# Lance's Lipoma



## Karen519 (Aug 21, 2006)

*Lance*

Saying a big prayer for Lance!!


----------



## Brinkleythegolden (Jun 18, 2012)

Sending positive vibes for Lance....and Max too!


----------



## laprincessa (Mar 24, 2008)

Can I sit with you while we wait? Max is having the exact same surgery today. It should be done by now, I'm sitting here clutching my phone, waiting for the vet to call.


----------



## Doug (Jul 17, 2010)

GOOD luck Lance and Max!!

I hope that you can both run freely and enjoy the park without restrictions asap!!
But in the meantime have a very relaxing and healing Christmas.


----------



## Karen2 (Jan 5, 2009)

Lance is home, very groggy and laying weird on his bed.
Things went well.
Have pills to give and triple-biotic to put on the stitches.


----------



## Karen519 (Aug 21, 2006)

*Lance*

So glad that Lance is home!!
Keep us posted.


----------



## laprincessa (Mar 24, 2008)

Max is home, no antibiotic for the stitches, oral meds
He's restless, but trying to nap


----------



## GoldenMum (Mar 15, 2010)

Prayers to Max and Lance, may you both heal quickly!


----------



## laprincessa (Mar 24, 2008)

well, Max is running around like a nut today in spite of my efforts to keep him quiet.
He isn't showing any signs of discomfort at all, so I've only given one pain pill - last night when he was restless and panting a bit
I hope Lance is doing as well!

We started the antibiotics last night - after I went to the store for yogurt. Not sure if anyone mentioned this to you, but yogurt and pumpkin helps to prevent the diarrhea that is sometimes caused by the antibiotics.


----------



## Karen2 (Jan 5, 2009)

Lance is doing well, here is the incision, sorry don't mean to gross anyone out.

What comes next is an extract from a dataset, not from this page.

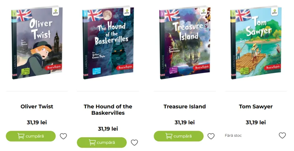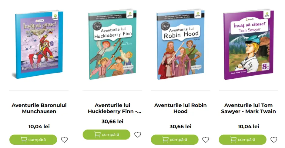 Exemplu de titluri: cărți de tip „eu citesc singur”, povești adaptate nivelului de școală primară, dar și materiale interactive care îi ajută să stăpânească materia școlară într-un mod jucăuș.

He's doing pretty good, has been itchy so he's been wearing a t-shirt








Sierra didn't know what to make of Lance as he cried a lot the first night.
She wasn't her ALPHA self that night, she laid next to him quietly.
He still licking his leg where his IV was, but not stopping him. I figure it's better than the incision. He also had some wart-y growths removed from his left hind leg so that has to remain covered as there are stitches there too.
Thanks for all the good thoughts and prayers.
He's been sleeping on a Earthing mat and I think it is helping his healing.


----------



## laprincessa (Mar 24, 2008)

what is an Earthing mat?
Wow, his incision is a LOT bigger than Max's. Poor baby!
(I took a picture of Max's too)
And Max says to tell Lance that he had to wear that t-shirt too and he didn't like it!


----------



## Doug (Jul 17, 2010)

Sending mega healing vibes to ultra handsome Lance.
Our thoughts and prayers are with you!


----------



## Karen2 (Jan 5, 2009)

Lance is doing well... the incision is healing nicely, he's t-shirtless today as we can monitor him.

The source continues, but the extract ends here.